Elden Ring might seem difficult at times, but the game’s complex combat system ensures that players can overcome seemingly impossible situations or struggle with comparatively weak enemies depending on the play style and skill.
To successfully deal with increasingly stronger enemies, the player has to improve their in-game character’s attributes, arsenal or tools. The absence of a conventional difficulty slider forces the player into a cycle of try – fail – learn – try again, or if they’re not paying attention, try – fail – try – fail again. In other words, the game demands experimentation and learning and doesn’t provide an obvious hand-holding experience like most mainstream ones.
Learning is not only about finding, gathering and committing information to memory, but also using that information in practice, with a high enough success rate. As such, a cycle of trial and error is expected and fundamental to the underlying learning process.
As with everything, failure in this game is about perspective.
“I’ve never been a very skilled player,” Miyazaki told me recently, via Zoom. He was sitting in his office, a book-lined room in the Shinjuku ward of Tokyo. “I die a lot. So, in my work, I want to answer the question: If death is to be more than a mark of failure, how do I give it meaning? How do I make death enjoyable?”

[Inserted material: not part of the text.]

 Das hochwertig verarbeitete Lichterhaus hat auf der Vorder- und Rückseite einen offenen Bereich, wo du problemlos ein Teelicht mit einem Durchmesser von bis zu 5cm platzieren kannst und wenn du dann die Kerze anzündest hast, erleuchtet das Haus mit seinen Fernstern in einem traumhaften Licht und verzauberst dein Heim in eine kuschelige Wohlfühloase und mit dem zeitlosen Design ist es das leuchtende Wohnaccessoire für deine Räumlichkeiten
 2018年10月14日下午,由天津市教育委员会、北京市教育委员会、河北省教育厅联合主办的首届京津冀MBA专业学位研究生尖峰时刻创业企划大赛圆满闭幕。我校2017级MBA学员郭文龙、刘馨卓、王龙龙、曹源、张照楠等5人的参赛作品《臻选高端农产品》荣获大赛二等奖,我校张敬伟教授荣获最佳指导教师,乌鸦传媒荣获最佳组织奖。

In most games, dying ten times in 30 minutes would be nerve-wracking, but in Elden Ring, it might mean you’ve failed the test. The game evaluated your knowledge, training and arsenal, and it found them lacking. Or it might be that you are just trying different things, and those deaths are really only markers for the end of those failed experiments.

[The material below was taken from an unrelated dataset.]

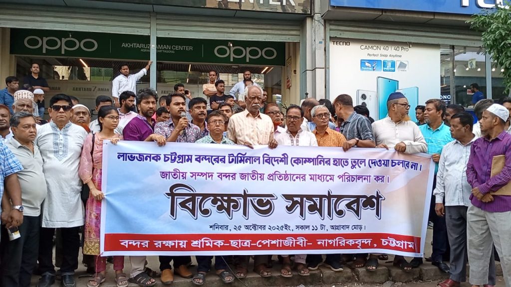 চট্টগ্রাম বন্দরকে বিদেশি কোম্পানির হাতে তুলে দেওয়ার ‘ষড়যন্ত্রের’ বিরুদ্ধে বিক্ষোভ করেছে “বন্দর রক্ষায় শ্রমিক-ছাত্র-পেশাজীবী-নাগরিকবৃন্দ, চট্টগ্রাম” নামে একটি সংগঠন। শনিবার সকালে আগ্রাবাদ মোড়ে আয়োজিত এই বিক্ষোভ সমাবেশে বক্তারা বলেন—দেশের লাভজনক ও কৌশলগত সম্পদ বন্দরকে বিদেশিদের হাতে তুলে দেওয়া জাতীয় স্বার্থের পরিপন্থী।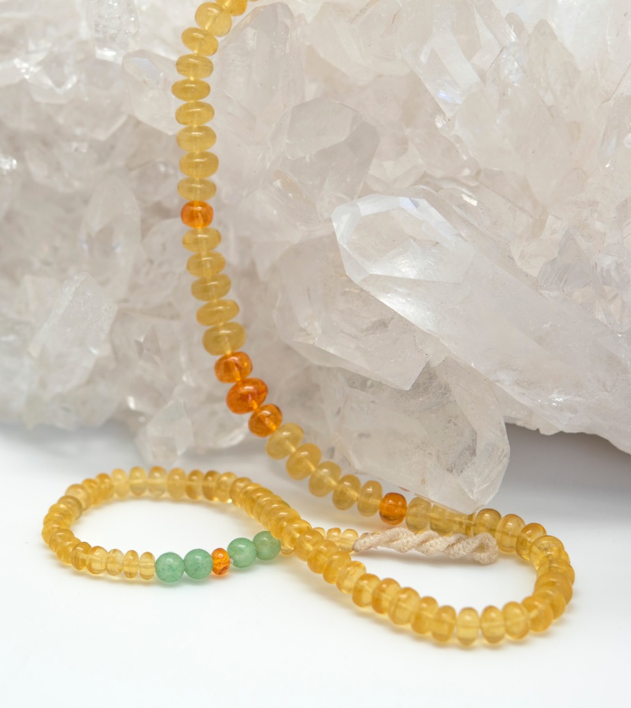 If you wore Golden Beryl by itself, past-life memories could come forward randomly and cause distractions or imbalances. Moreover, the mind can become confused if you begin to experience time circularly, as the causal body perceives it, rather than linearly, as the human mind prefers it. That’s why we recommend wearing Golden Beryl with its symbiotic stones—so that the memories that come forth are purposeful and intended.

“I do feel apologetic toward anyone who feels there’s just too much to overcome in my games,” Miyazaki told me. He held his head in his hands, then smiled. “I just want as many players as possible to experience the joy that comes from overcoming hardship.”

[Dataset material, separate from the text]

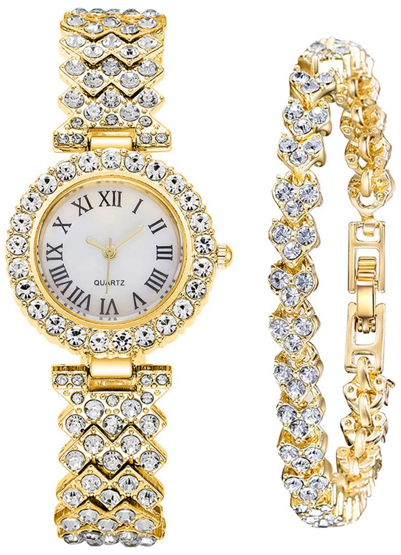 JewelryWe Women Watches Gold Tone Alloy Rhinestone Quartz Watch Stylish Bling Dress Watch Wristwatches for Valentine’s Day | 4 ⭐ | Check |

When a particular encounter proves to be too much, you have to stop and ask yourself: “maybe I need to explore another part of the game?”. And yes, exploring new areas could bring giant monsters or gorgeous landscapes, eery creatures, fantastic weapons, odd characters, epic side quests that otherwise could have been easily missed. Is it any wonder a player can clock hundreds of hours absorbed in this masterpiece?
The community plays a significant role in learning through the tremendous multiplayer system that started with Demon’s Soul. It is a wholesome experience to notice small notes on the ground from other players that warn you of traps or tell you about hidden treasures. However, as with (dis)information nowadays, some messages might prove treacherous.
Elden Ring is not comfortable. It is not fast-food entertainment. It will throw you, hurl you, and toss you until you see those bloody letters: YOU DIED. Many times over. You either learn to deal and exploit that to your advantage, or it will nag and sap at your confidence. Or, in the words of Samuel Beckett:
Ever tried. Ever failed. No matter. Try Again. Fail again. Fail better.